Other films faring well was Nuri Bilge Ceylan's Three Monkeys (2.8) and 24 City, Lorna's Silence, Waltz With Bashirand The Exchange - each averaging 2.7.

The jury was comprised of 10 international critics: Jose Carlos Avellar from escreVerciema.com in Brazil, Michel Ciment from Positif in France, Alberto Crespi from L'Unita in Italy, Howard Feinstein from Filmmaker magazine in the US, Leonardo Garcia-Tsao from La Jornada in Mexico, Bo Green Jensen from Weekendavisen Berlingske in Denmark, Dohoon Kim from Cine21 in South Korea, Derek Malcolm from the Evening Standard in the UK, Jan Schulz-Ojala from Der Tagesspiegel in Germany, and David Stratton from The Australian in Australia. The 11th vote came from Screen International's individual critic for each film.

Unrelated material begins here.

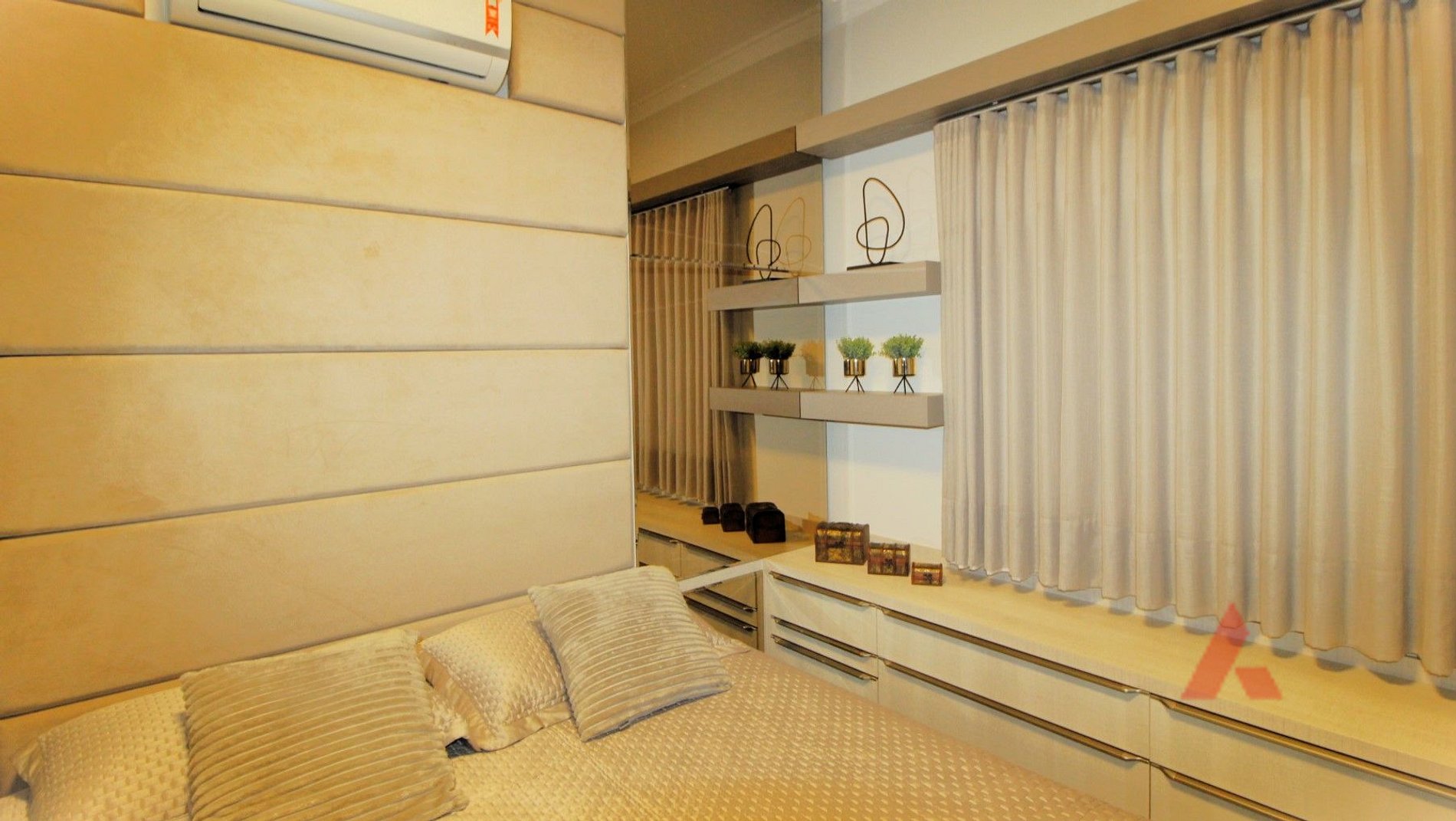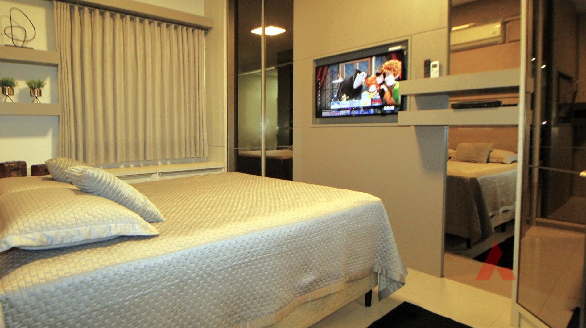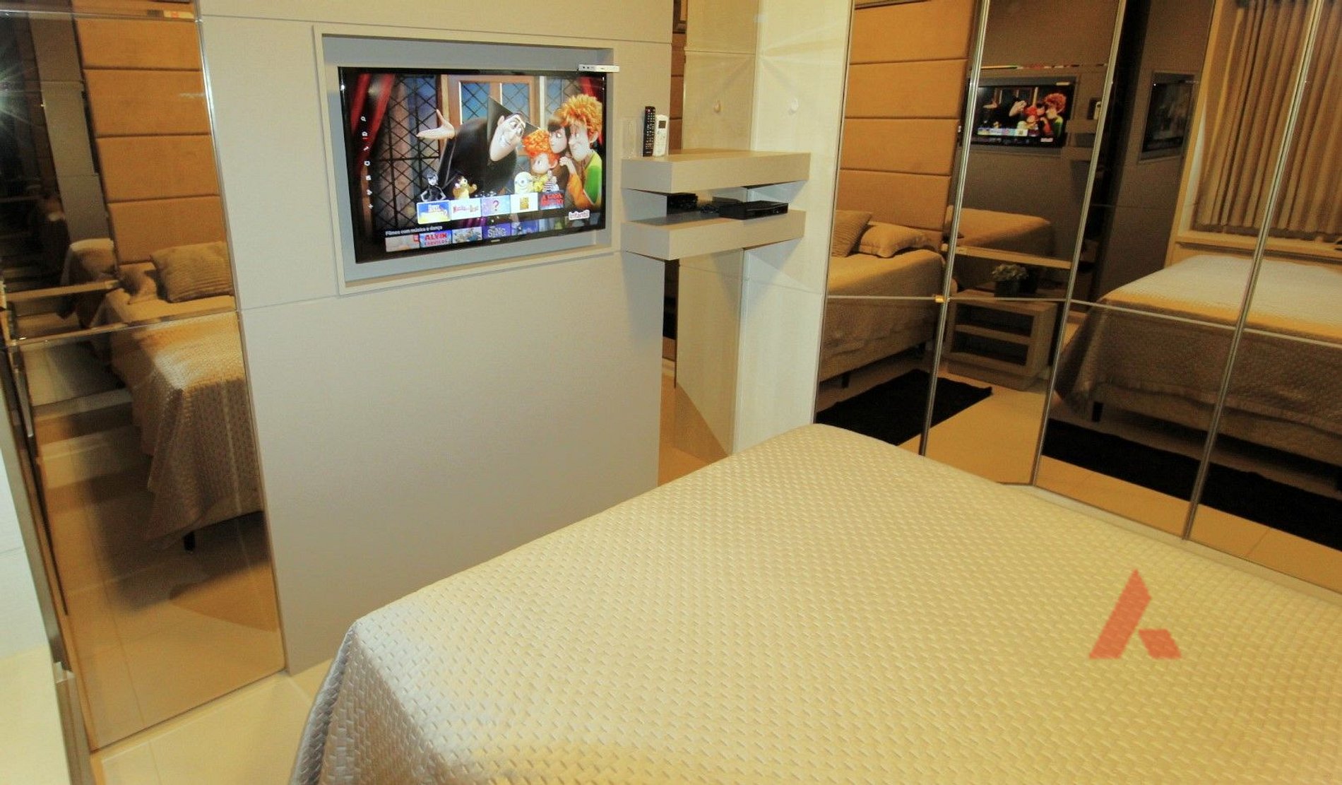 Uma suíte com cama box de casal (queen) com ar condicionado tipo split e tv.

The lowest-rated film was Brillante Mendoza's Serbis with an average of 0.7. Other poor scoreres were The Palermo Shooting (1.2), Frontier Of Dawn (1.2), Blindness (1.3), My Magic (1.5) and Two Lovers (1.7).

This year's average score per film was 2.17, nearly the same average (2.2) Competition score as with our juries in 2007, 2006 and 2005.

Last year, the joint winners of our jury poll were Palme d'Or winner 4 Months, 3 Weeks & 2 Days and No Country For Old Men.